◆ **PROVIDED DATA**
BEGIN

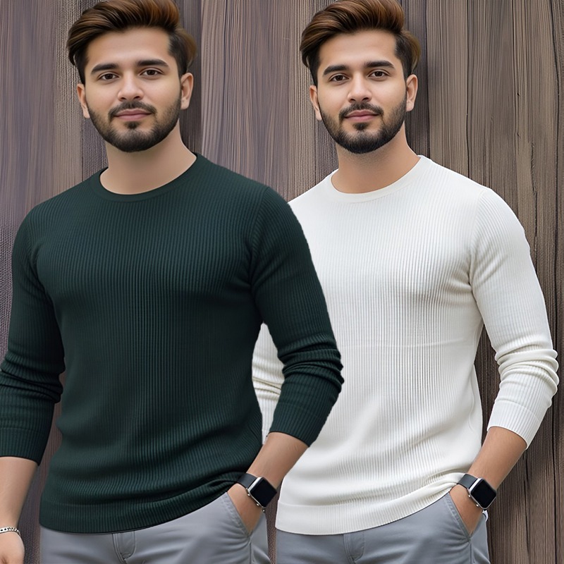 2 Pcs Men’s Premium 2/2 Rib Full Sleeve T-shirt – Green +White
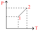 A pressure P-absolute temperature T diagram was obtained when a given mass of gas was heated. During the heating process from the state 1 to state 2 the volume :-
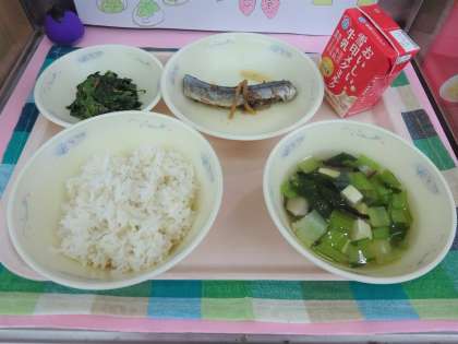 5月20日(月)の給食は、麦ごはん・牛乳・さんまのしょうが煮・ほうれん草のおかか煮・すまし汁でした。
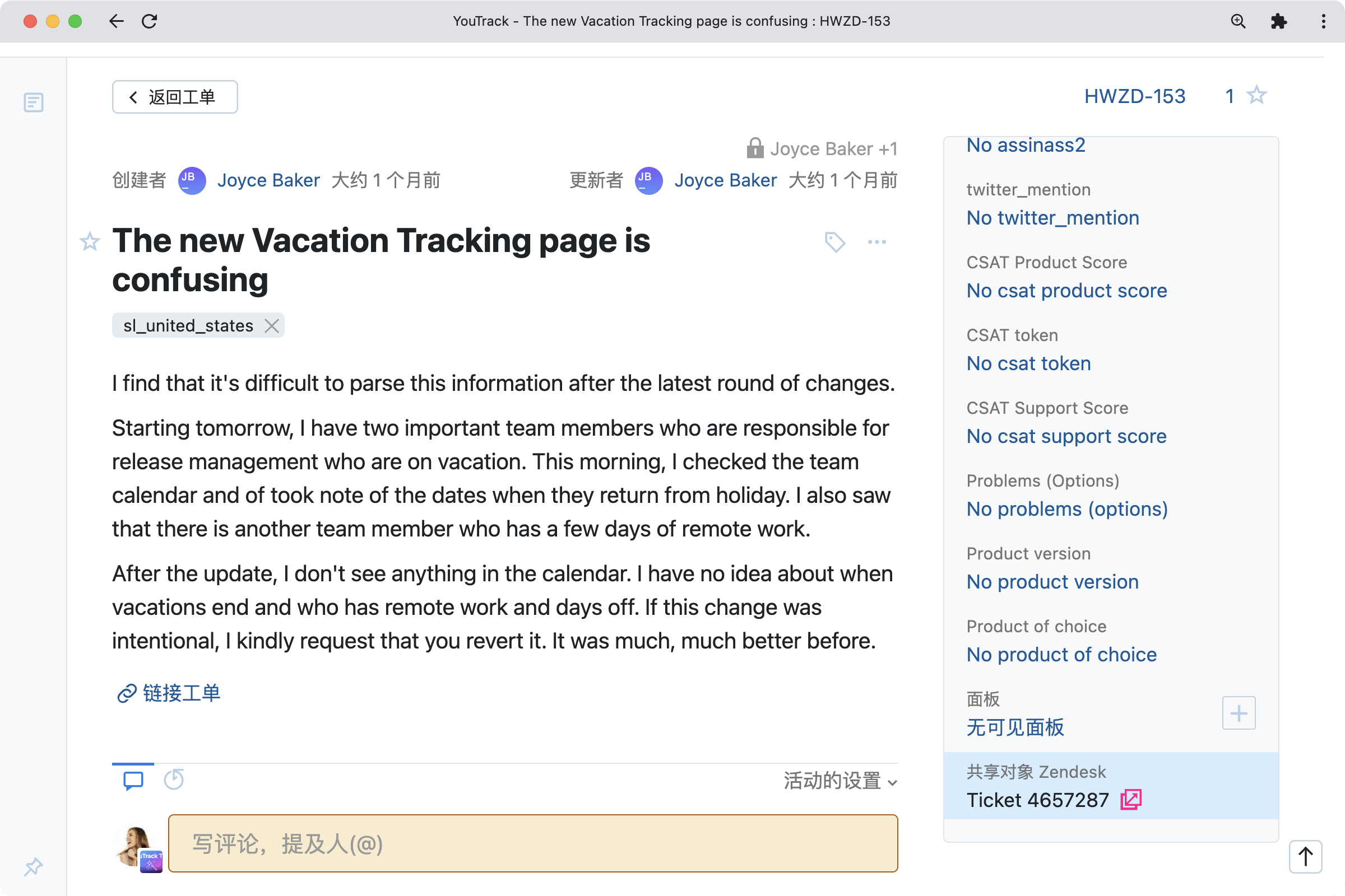 Zendesk 与 YouTrack 之间的集成有助于在两种工具之间保持客户通信同步。

END

Exactly the lines from the one with "A pressure P-absolute" through the end of the listing above are to be repeated, with no pictures.

 A pressure P-absolute temperature T diagram was obtained when a given mass of gas was heated. During the heating process from the state 1 to state 2 the volume :-
 5月20日(月)の給食は、麦ごはん・牛乳・さんまのしょうが煮・ほうれん草のおかか煮・すまし汁でした。
 Zendesk 与 YouTrack 之间的集成有助于在两种工具之间保持客户通信同步。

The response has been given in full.